Лыткарев перевел прицел ниже и выпалил из второго ствола. В тот же миг громыхнул взрыв: пуля угодила в бензобак. В ослепительной вспышке пламени брызнули в стороны раскаленные куски железа; тело Сермяги, разорванное надвое, подбросило вверх и швырнуло, объятое пламенем, на асфальт. Мотоцикл завалился на правый бок, проскрежетал по инерции коляской по асфальту и остановился напротив калитки дома номер 35 на другой стороне улицы, продолжая гореть. Ручейки пылающего масла, словно щупальца, потянулись к деревянному забору.
— С семнадцати лет ружья в руках не держал, — качнул головой Лыткарев. Он переломил двустволку, сунул руку в карман и вогнал в стволы два новых патрона. Мера была своевременной, ибо вдали уже слышался стук копыт.
— Раз пули их не берут, бейте по лошадям, — посоветовал Сергей.
— Пешком им велосипед не догнать. Да, но как же вы? — сообразил он.
— Обо мне не беспокойтесь, — мрачно произнес Лыткарев классическую фразу и повернулся к мальчишке: — Петя, а ты беги отсюда сейчас же. Ты же видишь, это уже не игрушки.
— Вот еще, — фыркнул Петька. — Я вам нужен. Если что, вы скажете, что взяли меня в заложники.

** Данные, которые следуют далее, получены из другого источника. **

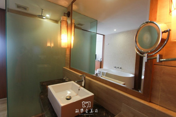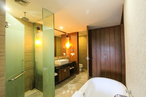 往前走两步,就会看到一个带有浴缸和淋浴房并存的浴室。干净有质感的卫浴设备、独家定制的洗护用品,低调中显露奢华。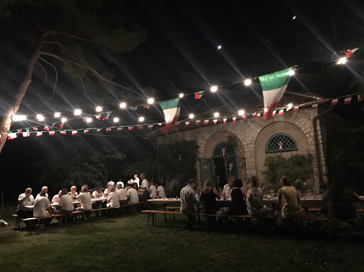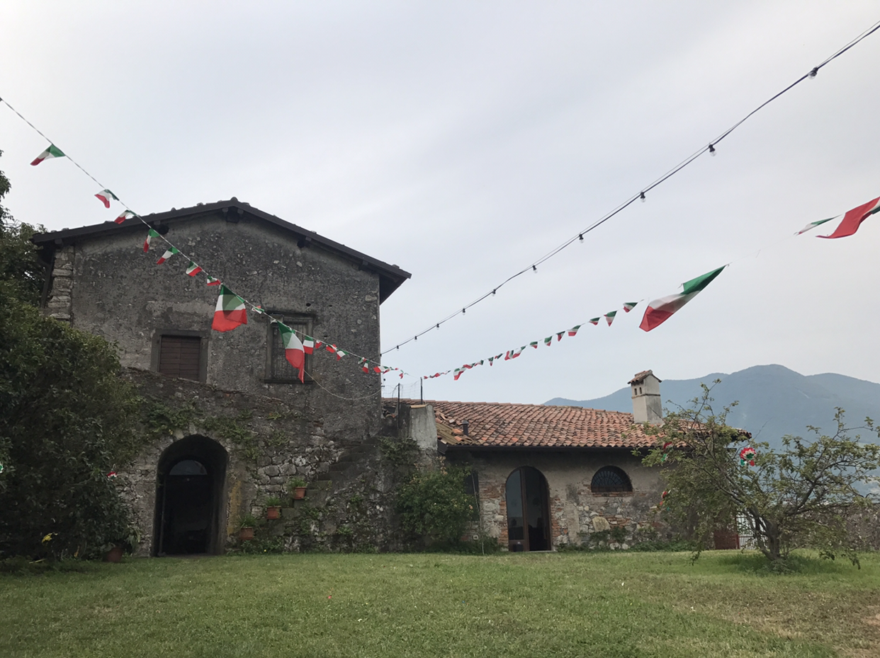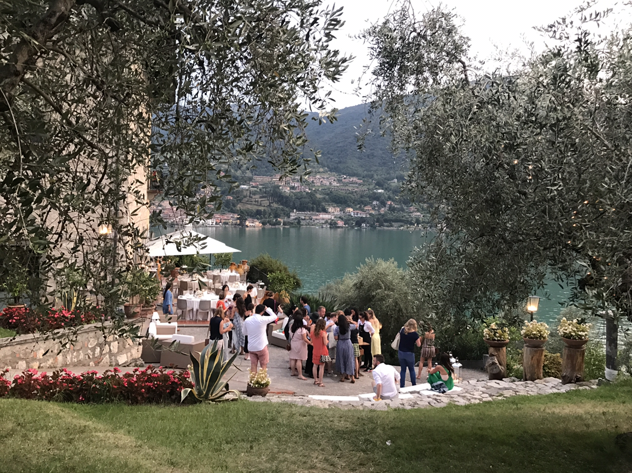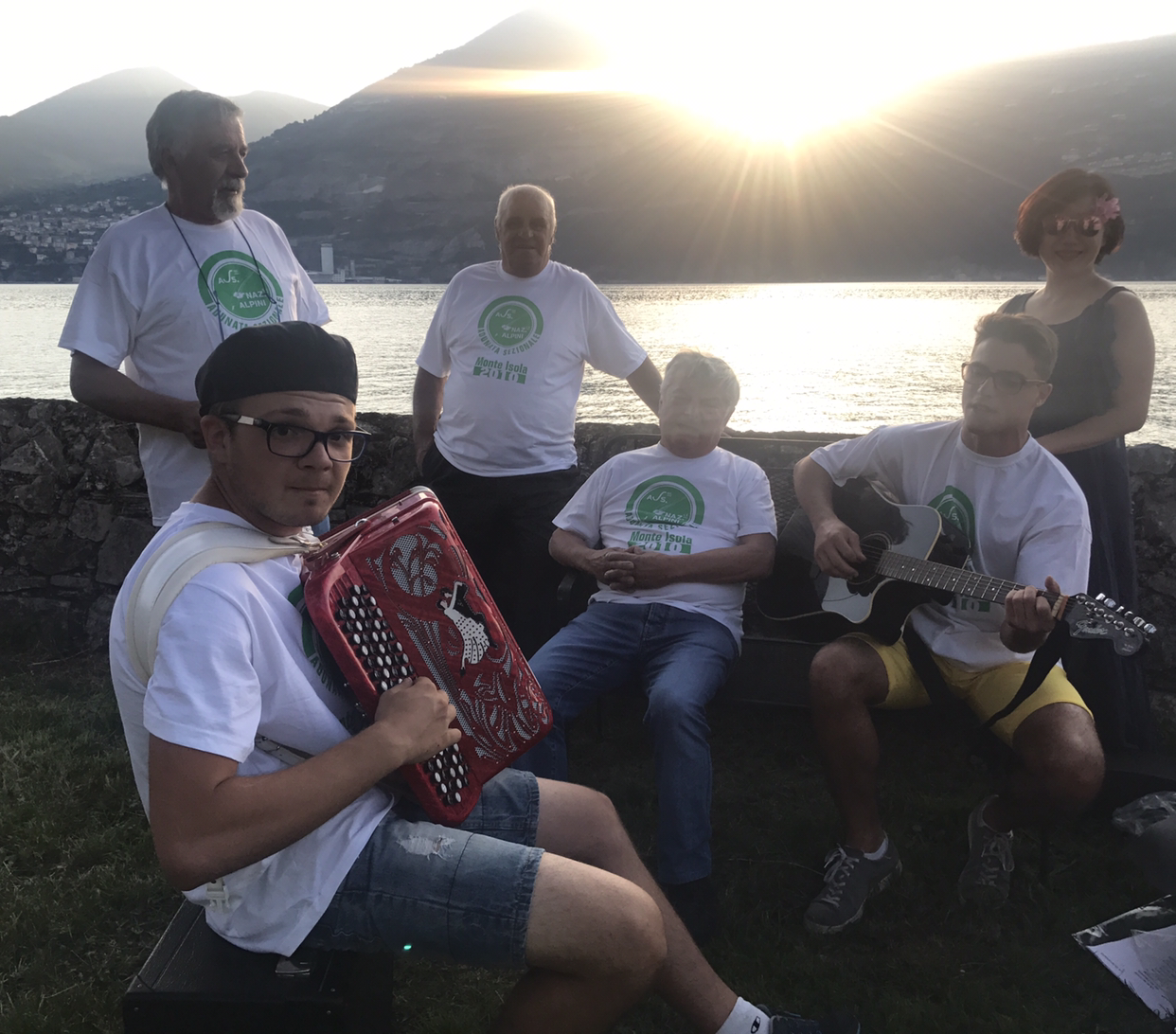 그날 밤 내가 꿈꾸던 이태리 영화의 한 장면이 펼쳐졌다. 나무에는 꼬마전구와 이탈리아 국기가 길게 늘어져있다. 긴 나무 테이블엔 와인잔과 식전빵이 일렬로 줄지어 세팅되어 있다. 나이 지긋한 이태리 할아버지들이 식전주를 드시면서 아코디언과 기타 반주에 맞춰 이태리 민요를 합창한다. 스프릿츠를 들고 호숫가 해지는 풍경을 바라보며 듣는 라이브 음악. 행복하다.

Сергей сомневался, что это поможет, однако перекинул ногу через раму. В этот момент он, однако, понял, что стук копыт приближается не из центра, а, наоборот, с окраины. Петька и Николай Кондратьевич тоже это поняли и развернулись в ту сторону. В багровых отсветах пламени фигура всадника казалась воистину апокалипсическим зрелищем. Всадник крикнул: «Сдавайся, контра!», а затем выстрелил, и пуля прошла над головой Лыткарева. «Может быть, они специально не бьют прицельно? — подумал Сергей. — Потому что им нужны живые доноры.» Лыткарев выстрелил, и лошадь с коротким предсмертным ржанием кувырнулась через голову, вмазывая седока в асфальт.
Однако тот выбрался из-под лошадиной туши. Его череп был раскроен, и из трещины вытекала бурая жижа, но он встал и поднял пистолет.
Сергей, презирая себя, дрожащей рукой перекрестил монстра.
— Дурак, — сказал тот. — Бога нет.
Лыткарев выстрелил опять, и оружие врага отлетело в траву вместе с двумя пальцами. Мертвец нагнулся, чтобы подобрать пистолет другой рукой. Лыткарев быстро перезарядил ружье и выстрелил снова, сразу их двух стволов. Отстреленная по локоть левая рука мертвяка повисла на сухожилиях, но он, наклонив голову, побежал вперед. Лыткарев снова выпалил дуплетом. Нога мертвяка подломилась, и он упал на асфальт, но продолжал двигаться ползком. Тогда Лыткарев вогнал еще две пули в уже разбитый череп, и тот разлетелся на куски. Безголовое тело конвульсивно дергалось, словно по нему пропускали ток, но уже не пыталось ползти.
Лыткарев отер пот со лба, а потом полез в карман за новыми патронами. Тут Сергей заметил краем глаза какое-то движение, повернулся и вскрикнул.
Сержант, напарник Сермяги, охваченный пламенем, поднимался на ноги. Огонь яростно пожирал его проспиртованную плоть, и Сергей отчетливо видел черную бугристую корку на месте лица и волос, однако это не помешало мертвяку навести револьвер — похоже, это был «наган», служивший своему хозяину еще с тридцатых — на Николая Кондратьевича, который уже никак не успевал зарядить ружье.
— Не стрелять! — звонко крикнул Петька, бросаясь между учителем и мертвым стражем игнатьевского порядка. — Я — Петр Дробышев!
— Да хоть Егор, — глухо ответил мертвяк. — Надо будет — оживят, — и нажал на спуск.
Глаза его уже вывалились из глазниц спекшимися шариками, так что стрелял он на слух — однако попал. Мальчик упал на спину, отброшенный пулей; из пробитого горла фонтаном хлестала кровь.
Однако это было последнее, что успел сделать гибнущий мертвяк. Его ноги, прогоревшие уже почти до кости, подогнулись, и он вновь повалился на горящие обломки мотоцикла. Раздалось еще несколько выстрелов — это взрывались гильзы в охваченном пламенем револьвере — и одна пуля даже порвала Сергею штанину, но, кажется, больше никто не пострадал.
Николай Кондратьевич присел на корточки возле Петьки. Тот был еще жив; по щекам его катились слезы боли и страха. Мальчик попытался что-то сказать, но изо рта его лишь выплеснулась кровь. Не только Лыткарев, но и профессиональный врач уже не сумел бы ему помочь; все, что мог сделать учитель — это гладить своего ученика по голове, пока тот умирал.